The Unity Party was a small multiculturist party in Australia, formed in 1997 and primarily active in the state of New South Wales. It was formed with the aim of opposing the rise of the controversial anti-immigration politician Pauline Hanson. Although initially billed as a party to unite Australians of all ethnicities against racism, Unity failed to draw significant support outside Australia's East Asian ethnic communities. After the demise of Pauline Hanson as a political force (prior to her return to politics in the late 2010s), Unity shifted focus onto ethnic community affairs at a local government level.

History

Formation
Unity attracted much attention when it was founded in 1997, with Peter Wong, Mary Kalantzis, Bill Cope and Jason Yat-Sen Li among those involved in its creation.

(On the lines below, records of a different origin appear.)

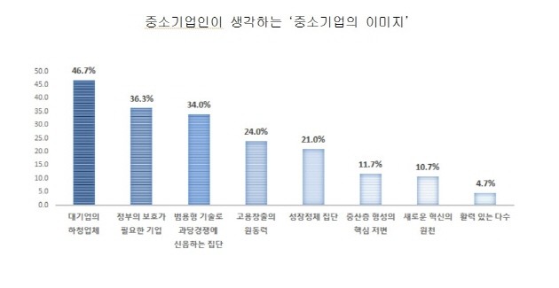 중소기업중앙회가 300개 중소기업을 대상으로 조사해 10일 발표한 '중소기업정책 인식조사 보고서'에 따르면 46.7%가 중소기업의 이미지는 '대기업의 하청업체'라고 답했다.
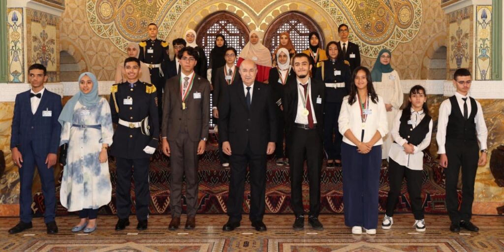وجرى حفل التكريم بحضور كبار المسؤولين في الدولة وأعضاء من الحكومة، إلى جانب عائلات المكرمين. ففي شهادة البكالوريا، كرم رئيس الجمهورية كلا من المتفوق الأول وطنيا، محمد الأمين مقران، من ثانوية بلكبير عبد القادر بولاية تيبازة الذي تحصل على معدل 62.19 في شعبة الرياضيات، والمتفوقة الثانية، راحب ماريا إيناس، من ثانوية العقيد لطفي بولاية وهران التي تحصلت على معدل 54.19 في شعبة العلوم التجريبية، والمتفوقة الثالثة، أولم وصال، من ثانوية الإخوة عشي بولاية خنشلة التي تحصلت على معدل 52.19 في شعبة العلوم التجريبية. وكرم رئيس الجمهورية أيضا المتفوق، قلوش جديد رياض، من مدرسة أشبال الأمة “الشهيد حمداني” المدعو “سي عثمان” بولاية وهران، والذي تحصل على معدل 10.19 في شعبة الرياضيات. وفي فئة ذوي الهمم من حاملي شهادة البكالوريا، كرم رئيس الجمهورية كلا من التلميذة، هاجر شرقي، المتحصلة على معدل 87.17 في شعبة العلوم التجريبية من ولاية باتنة، التلميذة آلاء لشلح المتحصلة على معدل 69.17 من ولاية الوادي والتلميذ شمس الدين عريبي المتحصل على معدل 63.16 شعبة آداب وفلسفة من ولاية المدية. وفي شهادة التعليم المتوسط، قام رئيس الجمهورية بتكريم المتفوقين الأوائل وطنيا، تتقدمهم التلميذة، زغرار لينا، من متوسطة محمد عزوز بولاية الأغواط المتحصلة على معدل 94.19 والتلميذة خيتوس هديل، من متوسطة داودي صالح برأس العيون بولاية باتنة بمعدل 92.19 والتلميذة شهد نور الهدى زاوي، من متوسطة العقيد الحواس بولاية المسيلة بمعدل 87.19. وبخصوص فئة ذوي الهمم المتفوقين في شهادة التعليم المتوسط، كرم رئيس الجمهورية كلا من التلميذة، نورة دعاء تهامي، من ولاية سطيف المتحصلة على معدل 08.18 والتلميذ إبراهيم بن أحمد، الحائز على معدل 89.17 من ولاية ميلة، والتلميذ محمد عامر، المتحصل على معدل 54.17 من مديرية التربية وسط بالجزائر العاصمة. كما خص التلميذ، دراش شمس الدين عبد العالي، الذي أهدى الجزائر، لأول مرة، ميدالية ذهبية في أولمبياد الرياضيات التي جرت في بريطانيا وتحصل على شهادة البكالوريا بامتياز، بتكريم خاص من قبل رئيس الجمهورية. وبدروه، قام بطل الجزائر في الرياضيات، بتقليد رئيس الجمهورية الميدالية الذهبية.
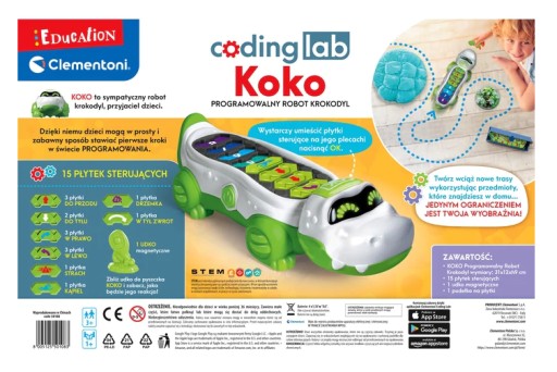 Dzięki Koko dzieci poznają podstawowe pojęcia programowania i robotyki edukacyjnej w prosty i zabawny sposób, rozwijając umiejętność rozumienia związków przyczynowo-skutkowych.
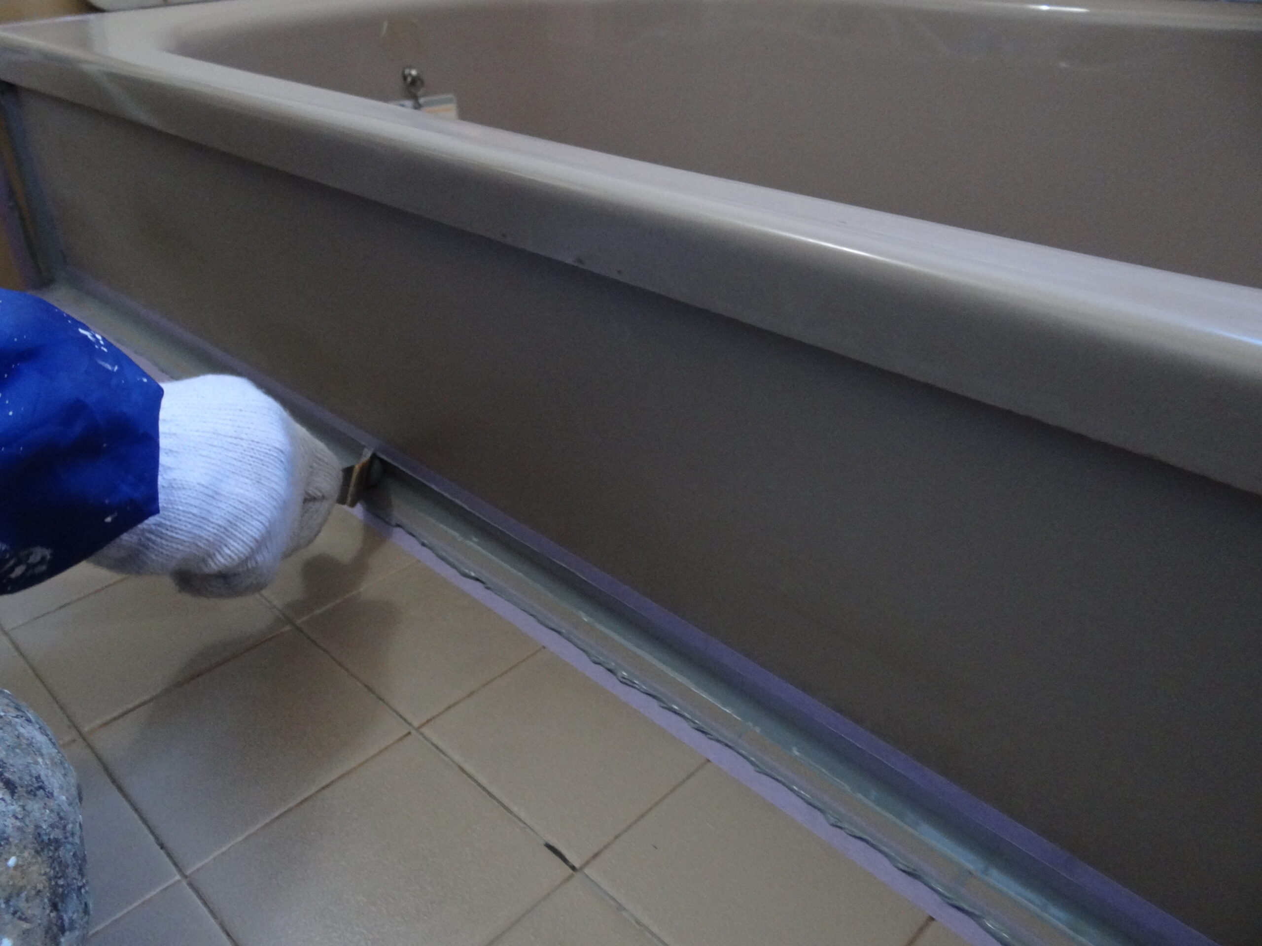 浴槽まわりのシールも打設。

The party ran candidates in almost every House of Representatives seat at the 1998 election. While they had hopes of winning a Senate seat in New South Wales with Jason Li, he fell well short. However, the party outpolled the Australian Democrats and Australian Greens in some House of Representatives seats. In the NSW Federal seat of Fowler, investment banker Andrew Su outpolled both the Democrats and One Nation. Subsequently, in the 1999 NSW State Election, Su went on to poll more than the Liberals, Greens and Democrats in the safe Labor seat of Cabramatta.

The Unity Party was formally registered by the Australian Electoral Commission on 25 August 1998 under the name "Unity – Say No to Hanson".

Decline
As the Hanson movement began to disintegrate, it also negated Unity's main platform, and the party soon fell into internal tensions. The party's founder, Dr. Peter Wong, won a seat in the New South Wales Legislative Council with just 1% of the vote. This came against the backdrop of a series of resignations, including that of Li. Wong soon stepped down as leader in favour of a white Australian in an attempt to broaden the party's base.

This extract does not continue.